The reason we didn't do this - with domains as well - was because there's a very real difference between "this reuse is valid at the time it was created" and "this reuse will remain valid throughout a working authoring/editing lifecycle unless you change doctypes".

By validating that the document types provide equivalent constraints and markup capabilities, you can protect yourself against last-minute edits that break your publishing pipeline.

If your publishing pipeline can't be broken by the kinds of inclusion you're doing (in other words, it can tolerate unconstrained content or markup from unincluded domains), then it makes sense to turn that validation off.

But if your processing chain depends on tight/specific markup, and will be broken by incoming markup that is looser/unexpected, then validating compatibility of the document types is much stronger and more reliable than validating compatibility of the specific content at a single point in time (the time the reuse relationship is created).

There are other ways to accomplish the same kind of strong validation - for example, I can imagine setting up a testing rule that says every time you change a reused element, you must revalidate every reusing document - but the current DITA approach works with distributed systems and with no dependency on special technologies or even a CMS.

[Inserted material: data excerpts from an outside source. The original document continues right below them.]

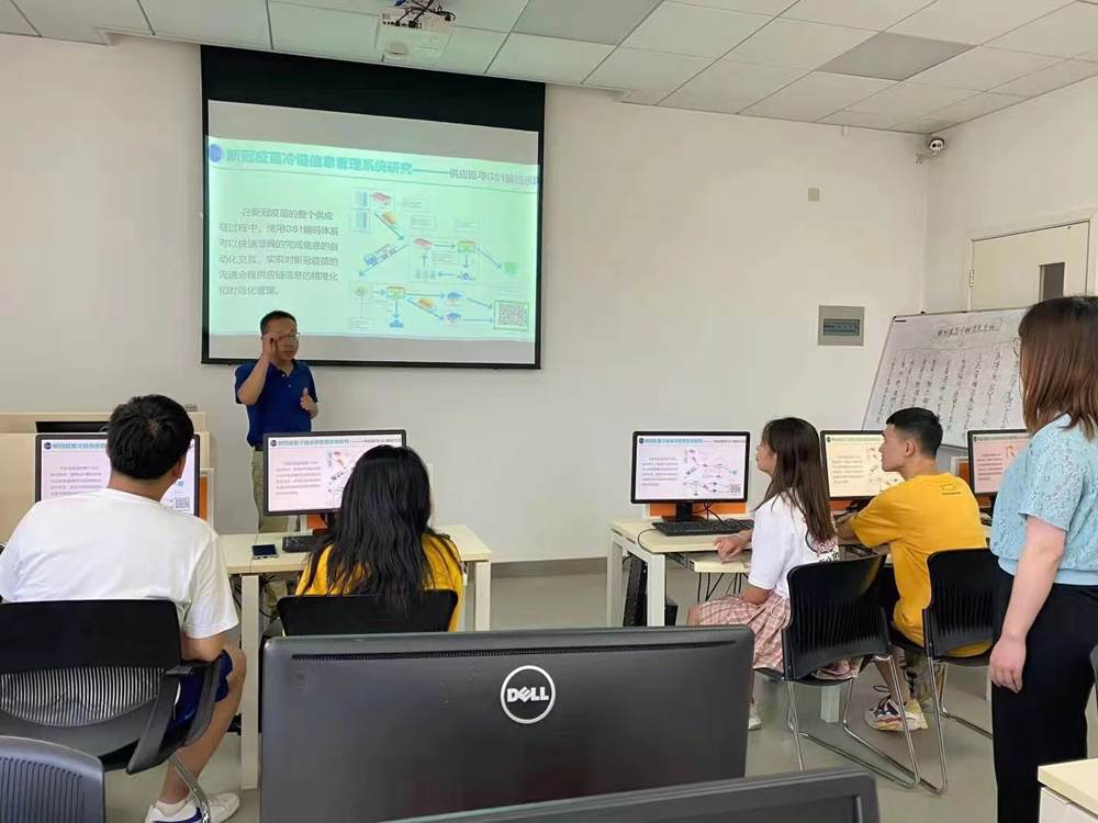 团体赛是学生能力的综合比拼,考察EDI、RFID、控制技术、传感技术、GIS、GPS等一系列物联网信息技术知识,指导老师姚老师、孟老师对此为参赛学生展开一系列培训。培训内容包括理论知识拓展、专项技能训练,流程图的绘制、到各种自动识别条码或标签的制作软件的熟练操作,充分做好团体赛前期准备工作。专项培训完成后师生对团体入围赛的选题反复商讨,最终确定《基于GS1的新冠疫苗冷链物流信息系统的研究----以”康希诺公司为例》这一热点论题。
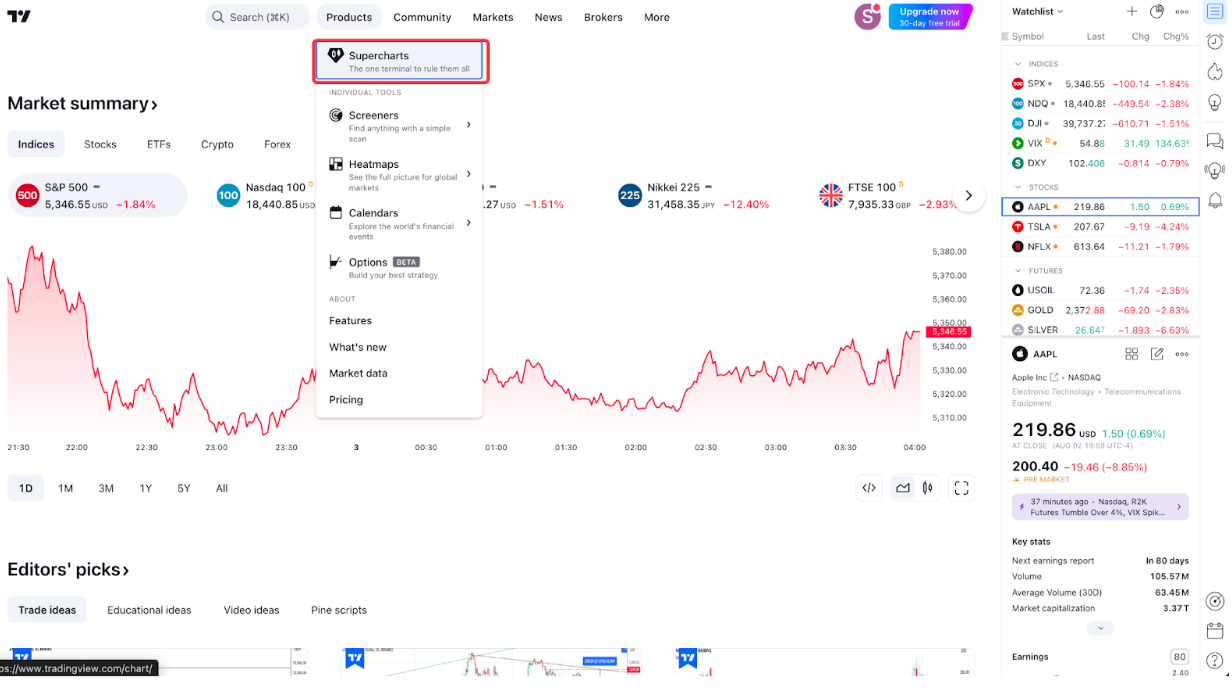 Шаг 1. Войдите в аккаунт TradingView. На главной странице нажмите на Продукты → Суперграфики.
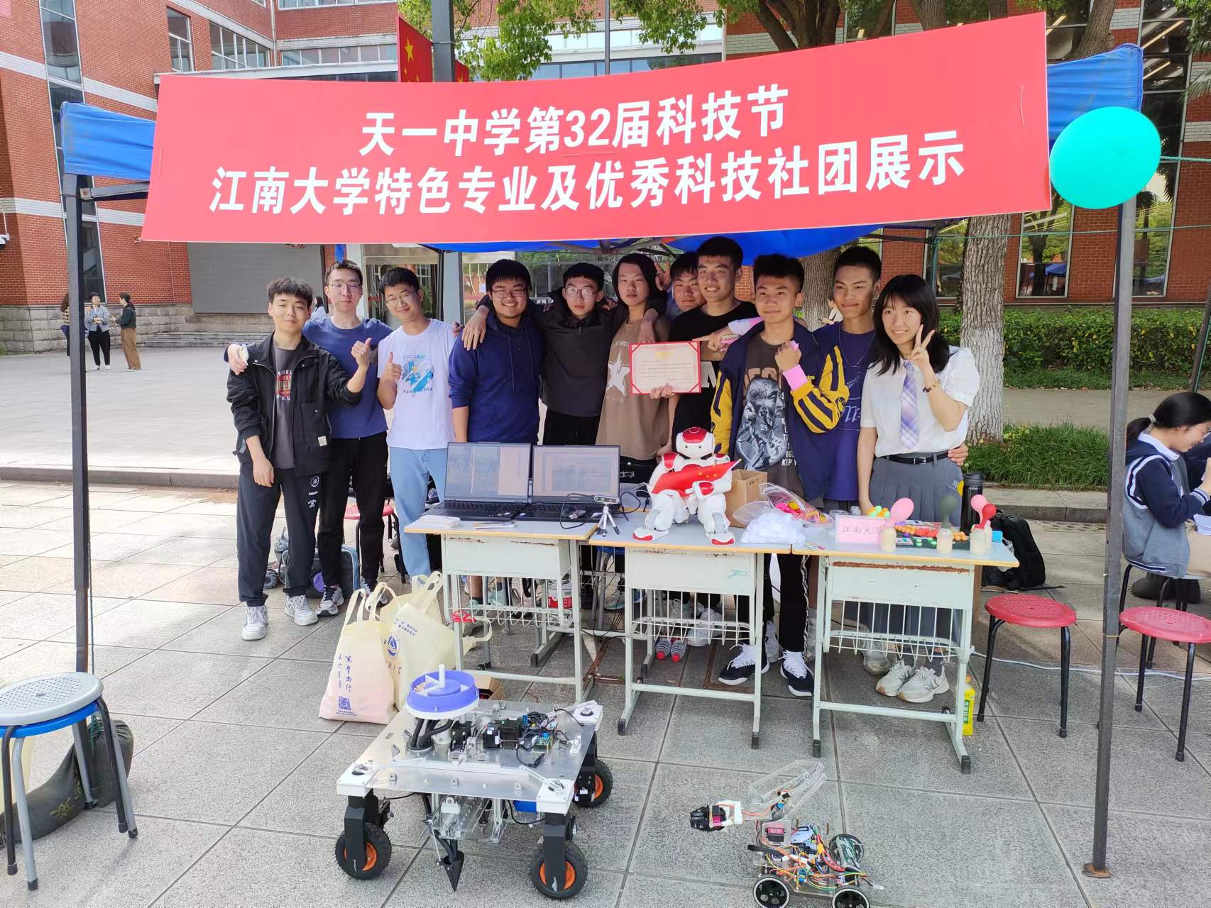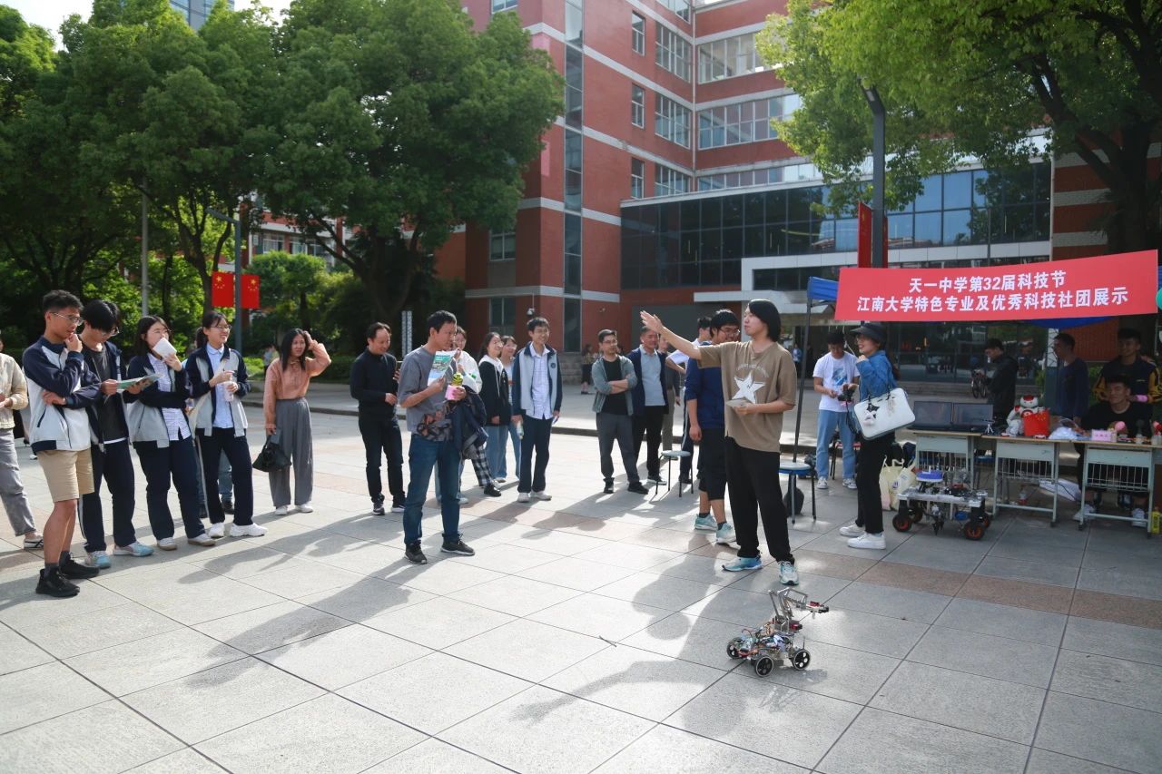 5月12日下午,在江苏省天一中学举办的第32届科技节上,江南大学机械工程学院学生受邀参加“高校特色专业及优秀科技社团展示”活动。活动中,荣获第十届江苏省大学生机械设计大赛兴农机械赛道一等奖的作品《“粒粒有数”多功能豆类播种机》、二等奖作品《钳剪式智能辣椒采摘机器人》,君远学院的NAO人形机器人、哨兵小车、自制无人机悉数登场。
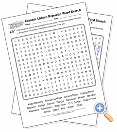 This page creates a word search puzzle using the locations from a map of Central African Republic. Word searches are good tools for helping students memorize a list of locations and how they are spelled.
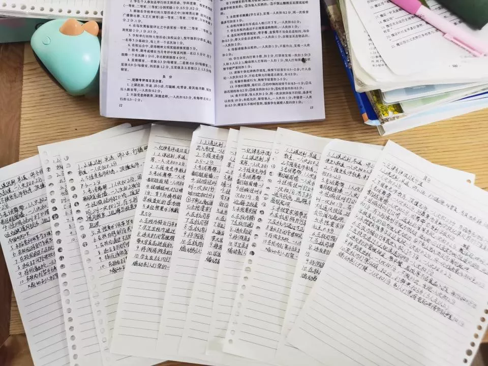 2024年5月7日,伍小青抄写学生手册十遍的图片。(受访者供图)
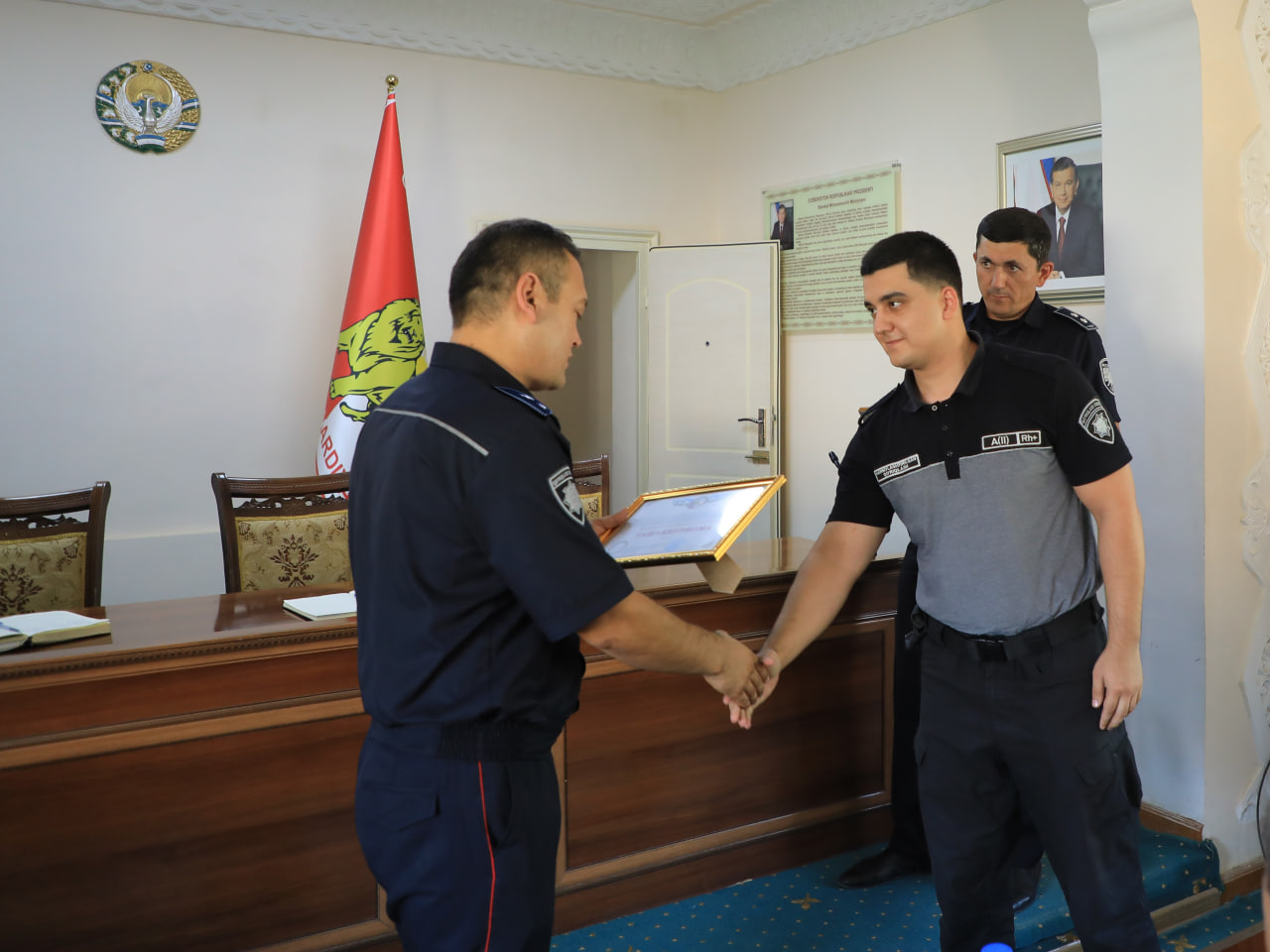 Тадбир якунида намунали хизмат олиб бориб, шахсий таркибга ўрнак бўлган ходимлар ва уларнинг ота-оналари алоҳида эътироф этилди.

Again, I'm in favour of making "loose" conref the default, and documenting that clearly in DITA 1.3,

But changing to a model that only ever checks content validity (ie that content is ok to reuse right here), and never checks context validity (ie that markup relationship is always ok to reuse, no matter what changes in its content) would sacrifice something of real value: the ability to make valid reuse relationships that aren't vulnerable to changes in the reused content.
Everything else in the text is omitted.